It sounds like a distant dystopian crisis: a world where global food and water supply chains buckle under the strain of overpopulation and climate change, before being contaminated by weapons of mass destruction unleashed in a desperate fight for access to what little is left.
While the crisis may not be as unrealistic or far away as it seems, scientists are already coming up with potential solutions. One is the curiously named metal organic frameworks (MOFs), a powder of nano-engineered crystals with an apparently endless variety of uses.
One teaspoon of these crystals contain the surface area of an entire football field, and scientists have been able to customise them to absorb and store vast quantities of a desired substance.
In 1998 Professor Omar Yaghi, a chemist who now works at the University of California, Berkeley, made the breakthrough that showed it was possible to craft structures that can be imagined as metal scaffolding at a molecular level, bound together by organic links.
Less than two decades later, MOFs are being applied to purposes that even he could not have imagined, many of which would be particularly handy in a world falling apart – such as fabrics that can protect against chemical weapons, devices that can artificially replicate photosynthesis to transform carbon emissions into oxygen, and glowing crystals that can detect and trap contaminants in water.
Yaghi himself has developed a MOF that enables the harvesting of moisture out of the sky, and unlike other technologies that can already do this in high-humidity areas, the device using Yaghi’s powder works in the dry desertified conditions that are gradually expanding around the globe.
“We are living in an uncertain time,” Yaghi observes, “and fresh water is going to be one of the most precious and sought-after resources to humanity.”

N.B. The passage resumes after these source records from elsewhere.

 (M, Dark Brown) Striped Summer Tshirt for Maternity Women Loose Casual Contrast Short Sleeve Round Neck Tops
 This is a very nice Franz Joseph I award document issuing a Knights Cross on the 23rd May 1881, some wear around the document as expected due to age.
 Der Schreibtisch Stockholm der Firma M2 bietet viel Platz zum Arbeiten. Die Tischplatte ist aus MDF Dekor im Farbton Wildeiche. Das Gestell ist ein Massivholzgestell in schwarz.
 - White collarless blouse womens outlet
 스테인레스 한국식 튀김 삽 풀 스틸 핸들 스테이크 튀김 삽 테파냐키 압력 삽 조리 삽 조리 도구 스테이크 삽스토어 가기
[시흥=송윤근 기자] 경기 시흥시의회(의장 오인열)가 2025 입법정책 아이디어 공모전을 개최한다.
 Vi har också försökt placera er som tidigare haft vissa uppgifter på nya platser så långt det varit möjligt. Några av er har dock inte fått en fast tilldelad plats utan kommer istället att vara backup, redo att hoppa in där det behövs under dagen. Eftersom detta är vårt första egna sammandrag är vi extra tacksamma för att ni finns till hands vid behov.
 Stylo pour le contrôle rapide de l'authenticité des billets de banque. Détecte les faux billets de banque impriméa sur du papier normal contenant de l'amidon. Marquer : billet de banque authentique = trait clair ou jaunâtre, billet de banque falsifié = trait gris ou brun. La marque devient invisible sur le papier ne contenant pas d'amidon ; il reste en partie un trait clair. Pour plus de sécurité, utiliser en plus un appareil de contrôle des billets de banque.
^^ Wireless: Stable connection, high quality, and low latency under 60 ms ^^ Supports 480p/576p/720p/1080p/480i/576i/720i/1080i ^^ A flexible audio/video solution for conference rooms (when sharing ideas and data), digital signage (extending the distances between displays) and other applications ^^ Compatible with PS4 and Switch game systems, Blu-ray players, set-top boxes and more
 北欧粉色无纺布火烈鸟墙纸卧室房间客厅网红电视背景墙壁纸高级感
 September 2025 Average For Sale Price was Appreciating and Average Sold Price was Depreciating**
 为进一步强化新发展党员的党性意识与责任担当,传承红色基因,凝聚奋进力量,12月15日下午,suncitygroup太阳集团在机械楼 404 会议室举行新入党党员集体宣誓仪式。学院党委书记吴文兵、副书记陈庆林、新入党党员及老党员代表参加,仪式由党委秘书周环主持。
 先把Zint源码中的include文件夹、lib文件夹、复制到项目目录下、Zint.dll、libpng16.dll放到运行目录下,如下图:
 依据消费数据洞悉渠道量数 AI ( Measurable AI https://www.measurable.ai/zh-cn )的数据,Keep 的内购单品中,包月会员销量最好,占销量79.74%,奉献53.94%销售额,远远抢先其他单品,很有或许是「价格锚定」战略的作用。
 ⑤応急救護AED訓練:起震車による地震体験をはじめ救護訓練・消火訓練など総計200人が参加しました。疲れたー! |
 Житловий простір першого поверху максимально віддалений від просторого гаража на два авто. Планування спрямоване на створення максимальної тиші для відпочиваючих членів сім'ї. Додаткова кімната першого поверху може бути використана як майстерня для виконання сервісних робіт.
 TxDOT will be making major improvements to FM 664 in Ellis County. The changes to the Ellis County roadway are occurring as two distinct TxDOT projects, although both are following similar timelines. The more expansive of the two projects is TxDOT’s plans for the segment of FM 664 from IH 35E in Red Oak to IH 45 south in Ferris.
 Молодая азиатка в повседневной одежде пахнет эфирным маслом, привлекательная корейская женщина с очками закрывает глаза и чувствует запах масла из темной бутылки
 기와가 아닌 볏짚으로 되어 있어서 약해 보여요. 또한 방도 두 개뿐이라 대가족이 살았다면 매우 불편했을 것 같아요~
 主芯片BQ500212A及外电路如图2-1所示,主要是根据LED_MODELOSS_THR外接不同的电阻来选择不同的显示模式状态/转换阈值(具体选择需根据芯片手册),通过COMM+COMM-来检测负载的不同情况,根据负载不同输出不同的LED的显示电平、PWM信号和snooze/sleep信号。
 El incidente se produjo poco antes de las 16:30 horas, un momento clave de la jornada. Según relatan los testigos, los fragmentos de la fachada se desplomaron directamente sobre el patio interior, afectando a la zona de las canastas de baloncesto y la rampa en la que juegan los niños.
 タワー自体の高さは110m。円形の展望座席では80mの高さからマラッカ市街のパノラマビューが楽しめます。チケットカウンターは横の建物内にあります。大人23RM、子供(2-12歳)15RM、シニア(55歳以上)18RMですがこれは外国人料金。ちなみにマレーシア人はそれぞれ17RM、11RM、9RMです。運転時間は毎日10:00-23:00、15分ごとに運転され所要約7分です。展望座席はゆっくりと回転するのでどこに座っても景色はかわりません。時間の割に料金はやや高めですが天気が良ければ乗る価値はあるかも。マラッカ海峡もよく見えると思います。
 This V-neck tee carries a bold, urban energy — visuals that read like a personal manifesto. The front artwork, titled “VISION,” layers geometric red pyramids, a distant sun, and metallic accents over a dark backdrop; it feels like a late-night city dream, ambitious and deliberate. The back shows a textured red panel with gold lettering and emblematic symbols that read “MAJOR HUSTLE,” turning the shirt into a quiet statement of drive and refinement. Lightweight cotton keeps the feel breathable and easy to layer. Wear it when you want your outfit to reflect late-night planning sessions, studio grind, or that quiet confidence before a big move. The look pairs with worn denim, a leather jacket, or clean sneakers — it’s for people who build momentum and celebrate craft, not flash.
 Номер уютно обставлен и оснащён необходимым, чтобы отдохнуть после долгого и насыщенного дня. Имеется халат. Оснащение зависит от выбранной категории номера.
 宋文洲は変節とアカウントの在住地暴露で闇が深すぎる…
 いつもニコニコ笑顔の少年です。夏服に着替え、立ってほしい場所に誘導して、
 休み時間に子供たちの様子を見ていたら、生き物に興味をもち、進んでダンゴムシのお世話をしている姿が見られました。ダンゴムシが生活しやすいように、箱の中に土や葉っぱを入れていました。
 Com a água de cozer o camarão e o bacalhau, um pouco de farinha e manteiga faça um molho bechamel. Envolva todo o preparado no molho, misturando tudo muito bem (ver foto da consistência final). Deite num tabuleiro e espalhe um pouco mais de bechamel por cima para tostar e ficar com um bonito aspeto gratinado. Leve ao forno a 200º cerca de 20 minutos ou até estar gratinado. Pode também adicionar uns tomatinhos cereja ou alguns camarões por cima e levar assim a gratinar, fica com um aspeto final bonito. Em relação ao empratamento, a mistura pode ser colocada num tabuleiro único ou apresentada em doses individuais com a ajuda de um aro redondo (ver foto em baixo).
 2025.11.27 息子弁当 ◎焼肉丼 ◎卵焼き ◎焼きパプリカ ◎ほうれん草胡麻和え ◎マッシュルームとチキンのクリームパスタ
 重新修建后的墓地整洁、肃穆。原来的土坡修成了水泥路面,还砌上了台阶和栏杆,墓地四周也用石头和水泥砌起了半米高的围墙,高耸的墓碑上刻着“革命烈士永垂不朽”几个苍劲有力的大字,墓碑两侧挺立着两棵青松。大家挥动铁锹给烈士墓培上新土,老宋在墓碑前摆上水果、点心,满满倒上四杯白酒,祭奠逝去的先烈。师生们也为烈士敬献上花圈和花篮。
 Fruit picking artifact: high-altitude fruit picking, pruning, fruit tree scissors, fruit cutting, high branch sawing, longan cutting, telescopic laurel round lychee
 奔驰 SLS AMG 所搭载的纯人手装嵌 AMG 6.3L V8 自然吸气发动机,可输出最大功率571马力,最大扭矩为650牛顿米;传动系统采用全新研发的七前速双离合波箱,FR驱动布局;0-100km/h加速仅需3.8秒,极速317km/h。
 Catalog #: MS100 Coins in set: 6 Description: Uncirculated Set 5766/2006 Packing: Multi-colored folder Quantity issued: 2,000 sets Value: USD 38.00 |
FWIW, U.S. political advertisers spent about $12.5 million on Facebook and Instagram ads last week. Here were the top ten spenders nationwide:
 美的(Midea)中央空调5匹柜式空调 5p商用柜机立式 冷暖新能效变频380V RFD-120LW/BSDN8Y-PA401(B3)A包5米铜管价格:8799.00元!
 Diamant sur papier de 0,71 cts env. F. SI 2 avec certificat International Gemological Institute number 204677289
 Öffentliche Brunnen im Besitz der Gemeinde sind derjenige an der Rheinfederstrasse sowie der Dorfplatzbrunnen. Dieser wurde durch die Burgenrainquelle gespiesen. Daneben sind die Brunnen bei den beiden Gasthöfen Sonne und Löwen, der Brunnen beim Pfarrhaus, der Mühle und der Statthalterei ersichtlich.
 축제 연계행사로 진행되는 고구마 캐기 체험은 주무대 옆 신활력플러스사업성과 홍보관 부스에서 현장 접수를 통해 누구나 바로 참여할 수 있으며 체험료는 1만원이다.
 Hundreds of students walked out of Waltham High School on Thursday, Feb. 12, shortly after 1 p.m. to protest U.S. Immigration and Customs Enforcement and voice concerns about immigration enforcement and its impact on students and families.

In 2014, Yaghi reached out to MIT mechanical engineer professor Evelyn Wang about creating a machine capable of using his MOF technology. Wang and her team developed a transparent box with a top surface painted black to absorb solar heat, which prompts a reaction that delivers enough drinking water for a person’s daily needs with 1kg of the powder, even in areas of 20% air humidity.
“During the night, these MOFs soak up the water from air, and when the sun comes up, the MOFs will release water to be collected due to the warmth of the sun,” Yaghi says. “Then these empty MOFs will be ready to absorb water from the air at night again.”
Yaghi hopes these devices will enable people to access what he calls “personalised water” – off-grid and free of any impurities.